About this exercise
From the line containing "小鹏的诊断服务真的是没话说,主打的就是两" to the last line of the records below, transcribe everything exactly, pictures excluded.

::: Excerpted data

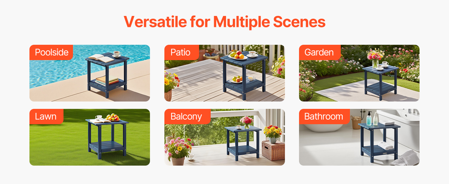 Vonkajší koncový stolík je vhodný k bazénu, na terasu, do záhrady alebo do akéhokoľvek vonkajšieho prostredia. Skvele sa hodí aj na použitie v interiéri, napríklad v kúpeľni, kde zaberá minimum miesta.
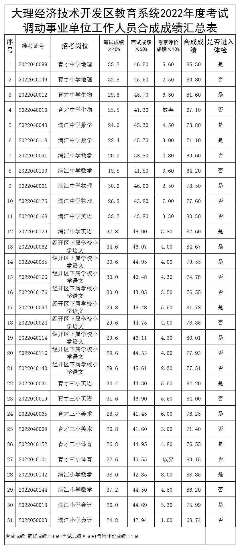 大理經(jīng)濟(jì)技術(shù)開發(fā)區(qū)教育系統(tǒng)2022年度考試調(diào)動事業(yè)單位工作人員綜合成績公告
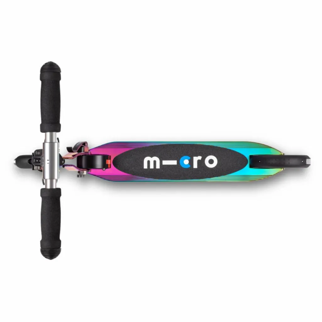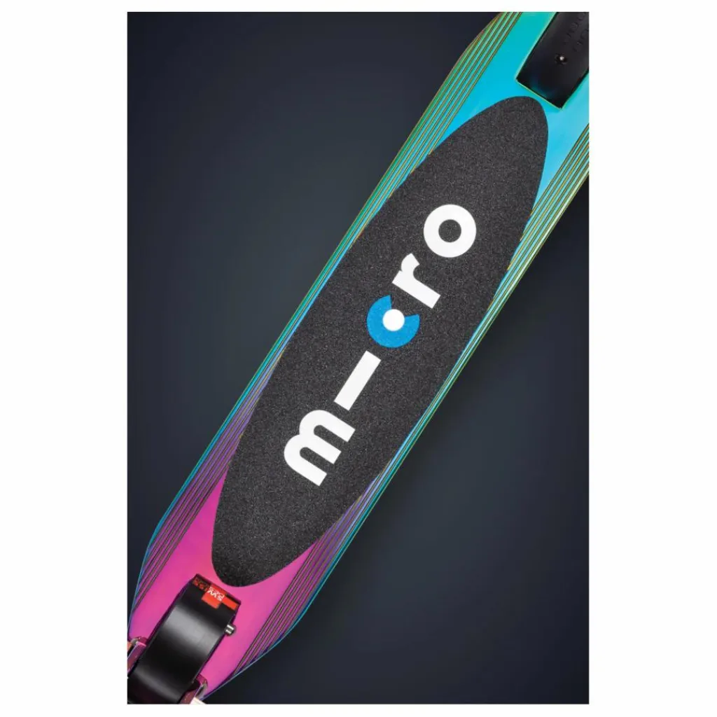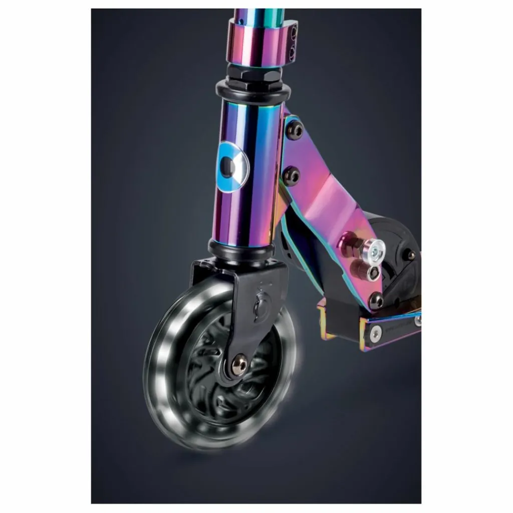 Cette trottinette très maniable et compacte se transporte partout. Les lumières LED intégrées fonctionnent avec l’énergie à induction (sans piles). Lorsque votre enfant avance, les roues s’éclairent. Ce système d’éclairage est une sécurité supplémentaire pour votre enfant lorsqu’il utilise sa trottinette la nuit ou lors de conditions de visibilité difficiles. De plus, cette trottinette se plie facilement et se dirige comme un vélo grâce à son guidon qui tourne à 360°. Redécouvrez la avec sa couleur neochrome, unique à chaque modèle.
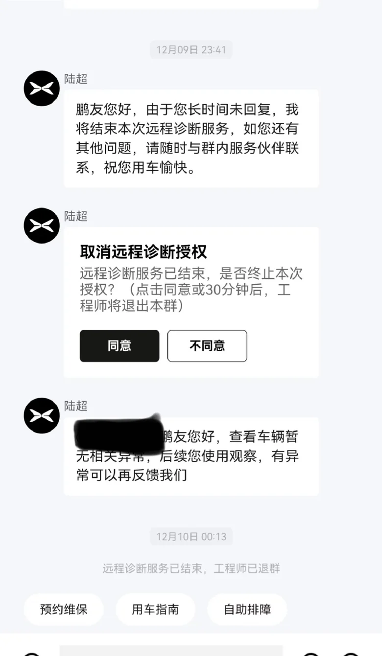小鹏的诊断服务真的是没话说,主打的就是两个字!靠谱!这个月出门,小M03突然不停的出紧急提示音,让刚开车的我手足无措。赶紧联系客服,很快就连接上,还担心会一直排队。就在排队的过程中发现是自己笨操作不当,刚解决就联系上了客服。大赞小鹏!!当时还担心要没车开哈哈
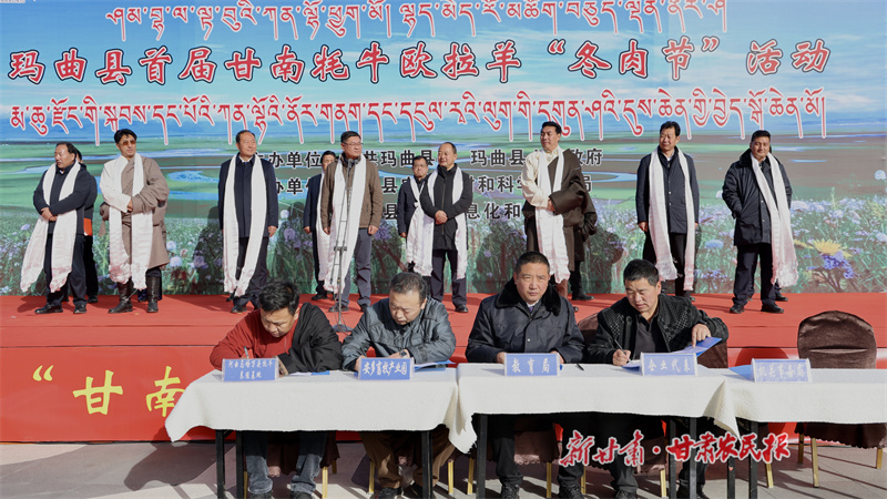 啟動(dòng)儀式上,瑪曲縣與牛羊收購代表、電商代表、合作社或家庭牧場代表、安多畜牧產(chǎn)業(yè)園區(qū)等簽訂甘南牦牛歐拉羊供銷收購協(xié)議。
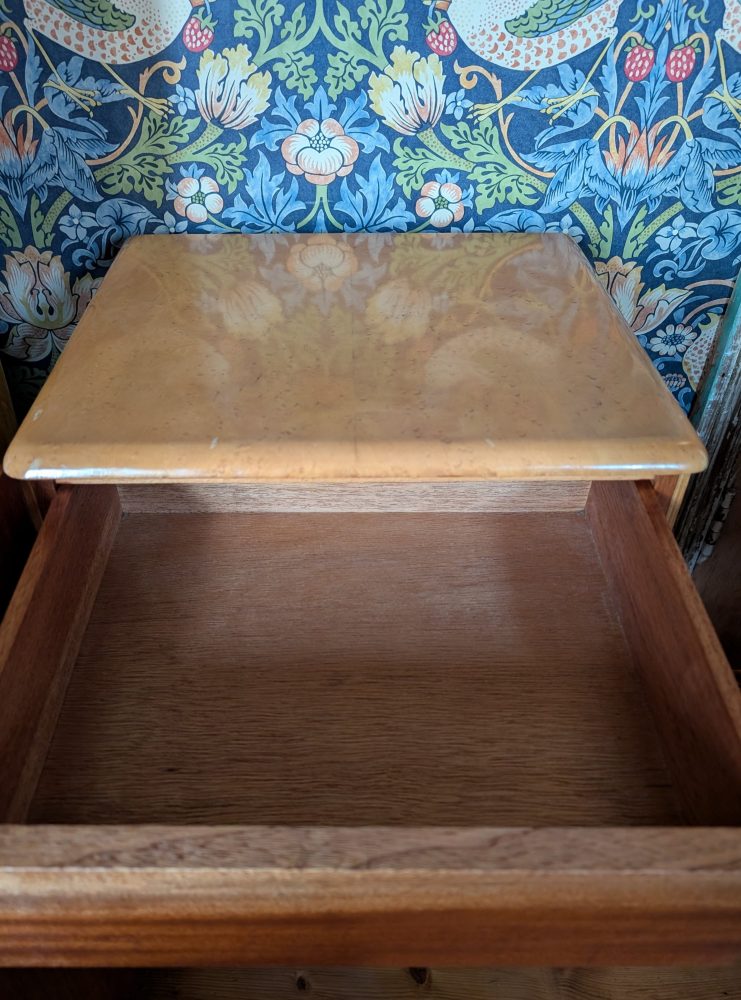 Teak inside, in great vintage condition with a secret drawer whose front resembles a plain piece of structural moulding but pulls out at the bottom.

::::::

Answer to this task
小鹏的诊断服务真的是没话说,主打的就是两个字!靠谱!这个月出门,小M03突然不停的出紧急提示音,让刚开车的我手足无措。赶紧联系客服,很快就连接上,还担心会一直排队。就在排队的过程中发现是自己笨操作不当,刚解决就联系上了客服。大赞小鹏!!当时还担心要没车开哈哈
 啟動(dòng)儀式上,瑪曲縣與牛羊收購代表、電商代表、合作社或家庭牧場代表、安多畜牧產(chǎn)業(yè)園區(qū)等簽訂甘南牦牛歐拉羊供銷收購協(xié)議。
 Teak inside, in great vintage condition with a secret drawer whose front resembles a plain piece of structural moulding but pulls out at the bottom.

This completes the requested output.